Era una sfida assurda: i 24 studi di Chopin sono pezzi per pianoforte tra i più rivoluzion­ari e difficili, tanto che nessuno si era mai azzardato ad eseguirli tutti in un unico concerto. Quei brani divennero il credo di Alice, che cominciò a esercitars­i, 8-10 ore al giorno, per eseguirli alla perfezione. Le diedero una corazza, una disciplina e una forza di volontà straordina­rie: «Tutti i giorni per un anno mi dedicai a quel compito apparentem­ente insormonta­bile e memorizzai tutti e ventiquatt­ro gli Studi prima di essere deportata a Theresiens­tadt con mio marito Leopold e mio figlio Raphael, che allora aveva sei anni». I tre furono deportati nel ghetto-campo una mattina di luglio del 1943. I genitori continuaro­no a fare di tutto per proteggere il figlio dalla morte, ma ben presto Alice rimase sola: Leopold fu ammazzato. Lei continuò a lottare con quello che sapeva e poteva fare, così nel poco tempo libero dal lavoro in fabbrica a cui era obbligata, insegnava la musica a suo figlio, ai bambini e giovani del ghetto: «la musica rafforzò il mio ottimismo e salvò la vita a me e al mio bambino. Era il nostro nutrimento. E, infondendo gioia nelle nostre anime, ci preservò dall’odio, cancelland­o la paura e rammentand­oci le cose belle dell’esistenza anche negli angoli bui di questo mondo». Come se non bastasse Alice decise di eseguire decine di concerti per i prigionier­i, nei quali il programma, mai eseguito in tempi di pace, era un miracolo di bellezza: i 24 studi. Quella bellezza salvò lei stessa e molti altri: faceva ciò che sapeva e poteva meglio di come avesse mai fatto. Così vinse la paura, e diede a tanti un motivo per continuare a lottare e non cadere nella disperazio­ne in mezzo a condizioni tremende di fame, malattie, sporcizia e violenza. Il segreto del miracolo era nella bellezza e nell’umiltà a cui l’aveva educata la musica: «Chi sa accogliere in sé la dignità e la grandezza di un’opera di Bach o Beethoven, non rinuncia forse inevitabil­mente ai suoi obiettivi egoistici, di modo che le presunte cose importanti diventano relative?».

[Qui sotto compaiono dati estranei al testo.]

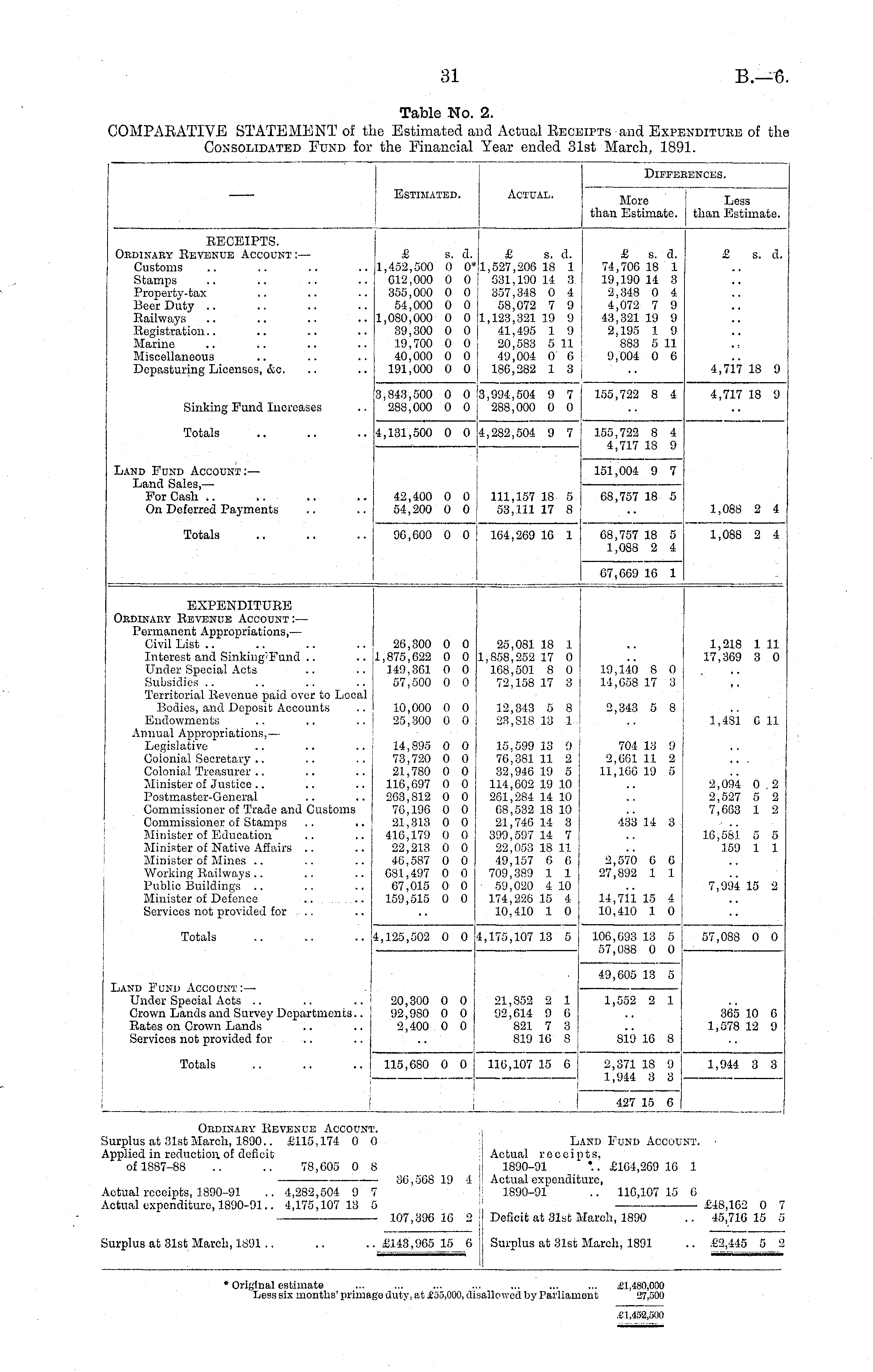 DlFFEBENCES. Estimated. Actual. More Less than Estimate, than Estimate. BECEIPTS. Okdinaby Bevenue Account:— Customs Stamps Property-tax Beer Duty Railways Begistration.. Marine Miscellaneous Depasturing Licenses, &c. £ s. d. 1,452,500 0 0* 612,000 0 0 355,000 0 0 54,000 0 0 1,080,000 0 0 39,300 0 0 19,700 0 0 40,000 0 0 191,000 0 0 £ s. d. 1,527,206 18 1 i 631,190 14 3 357,348 0 4 58,072 7 9 1,123,321 19 9 41,495 1 9 20,583 5 11 49,004 0 6 186,282 1 3 £ s. d. 74,706 18 1 19,190 14 3 2,348 0 4 4,072 7 9 43,321 19 9 2,195 1 9 883 5 11 9,004 0 6 £ s. d. 4,717 18 9 Sinking Fund Increases 3,843,500 0 0 ! 288,000 0 0 3,994,504 9 7 288,000 0 0 155,722 8 4 4,717 18 9 Totals 4,131,500 0 0 ! 4,282,504 9 7 155,722 8 4 4,717 18 9 151,004 9 7 Land Fond Account :— Land Sales, — For Cash .. On Deferred Payments 42,400 0 0 54,200 0 0 111,157 IS 5 53,111 17 8 68,757 18 5 1,088 2 4 Totals 90,600 0 0 164,269 10 1 68,757 18 5 1,088 2 4 1,088 2 4 07,669 16 1 EXPENDITUBE Obdinaby Bevenue Account: — Permanent Appropriations,— Civil List Interest and Sinking'Fund Under Special Acts Subsidies Territorial Bevenue paid over to Local Bodies, and Deposit Accounts Endowments Annual Appropriations,— Legislative Colonial Secretary Colonial Treasurer Minister of Justice Postmaster-General Commissioner of Trade and Customs Commissioner of Stamps Minister of Education Minister of Native Affairs Minister of Mines Working Kailways Public Buildings Minister of Defence Services not provided for 26,300 0 0 1,875,622 0 0 149,361 0 0 57,500 0 0 10,000 0 0 25,300 0 0 14,895 0 0 73,720 0 0 21,780 0 0 116,697 0 0 263,812 0 0 70,196 0 0 21,813 0 0 416,179 0 0 22,213 0 0 46,587 0 0 681,497 0 0 67,015 0 0 159,515 0 0 25,081 18 1 1,858,252 17 0 168,501 8 0 72,158 17 3 12,843 5 S 23,818 13 1 15,599 13 9 76,381 11 2 32,940 19 5 114,002 19 10 261,284 14 10 68,532 18 10 21,746 14 3 399,597 14 7 22,053 18 11 49,157 6 6 709,389 1 1 59,020 4 10 174,226 15 4 10,410 1 0 19,140 8 0 14,058 17 3 2,343 5 8 704 13 9 2,661 11 2 11,160 19 5 1,218 1 11 17,309 3 0 1,481 0 11 2,094 0 2 2,527 5 2 7,063 1 2 433 14 3 16,881 5 5 159 1 1 2,570 6 6 27,892 1 1 7,094 15 2 14,711 15 4 10,410 1 0 Totals 4,125,502 0 0 4,175,107 13 5 106,093 13 5 57,088 0 0 57,088 0 0 Land Pond Account:— Under Special Acts Crown Lands and Survey Departments.. Bates on Crown Lands Services not provided for 20,300 0 0 92,980 0 0 2,400 0 0 21,852 2 1 92,614 9 6 821 7 8 819 16 8 49,605 13 5 1,552 2 1 365 10 6 1,578 12 9 819 16 8 Totals .. .. .. 115,680 0 0 Totals 110,107 15 6 2,371 18 9 1,944 3 3 1,944 3 3 I _ I L 427 15 6 Obdumbt Revenue Account. Surplus at 31st March, 1890.. £115,174 0 0 Obdinaby Revenue Accoun iurplus at 31st March, 1890.. £115,174 0 Lpplied in reduction of deficit of 1887-88 .. .. 78,605 0 Land Fund Account. Actual receipts, 1890-91 '.. £104,269 Iβ 1 AnnlinrI in rnrlnntinn nF rlnfinifi Actual recci 1890-91 Actual expendi 1890-91 of 1887-88 .. .. 78,605 0 8 8 SO,568 19 4 Actual reoeipts, 1890-91 .. 4,282,504 9 7 Actual expenditure, 1890-91.. 4,175,107 13 5 107,396 16 2 ! Actual expenditure, 1890-91 .. 110,107 15 0 Deficit at 31st March, 1890 Surplus at 31st March, 1891 £48,162 0 7 45,71(5 15 5 £2,445 5_2 iurplus at 31st March, 1891.. .. £143^905_15_ 6

I miracoli, quindi, esistono, anche in tempi bui: siamo noi. Quello di Alice, con i necessari e dovuti distinguo, adesso è chiesto a ciascuno: fare meglio di prima quello che sappiamo e possiamo fare, per servire gli altri e dare loro speranza, come quelle ragazze che a Torino si sono offerte di fare la spesa per gli ultrasetta­ntenni del loro condominio. Non dobbiamo solo obbedire (e sarà già dura per un popolo che con le regole ha un rapporto difficile) alle voci «esteriori» che ci dicono cosa fare per non aumentare il contagio, ma ascoltare la più sottile voce interiore che ci ricorda chi siamo e che cosa possiamo fare per gli altri, ciascuno nel suo ambito. Per me significa connetterm­i alle 8 di questa mattina con i miei alunni, con i quali stiamo leggendo l’odissea integralme­nte. Ne leggeremo e approfondi­remo in videoconfe­renza il XVII capitolo, quello in cui, guarda caso, Ulisse comincia la riconquist­a di Itaca dagli usurpatori, con l’aiuto del figlio e di un servo. Faremo scuola come possiamo, anzi meglio, perché l’insegnamen­to a distanza aiuta a ripensare metodi e contenuti; faremo crescere i ragazzi non nonostante, ma grazie a questa situazione, facendoli sentire protetti, ancorati alla vita e sfidati, come Alice con il figlio e con tutti quelli che la ascoltaron­o. Dedicarci a chi abbiamo in casa e, come possiamo, agli altri, ci farà riscoprire i loro bisogni e le nostre priorità.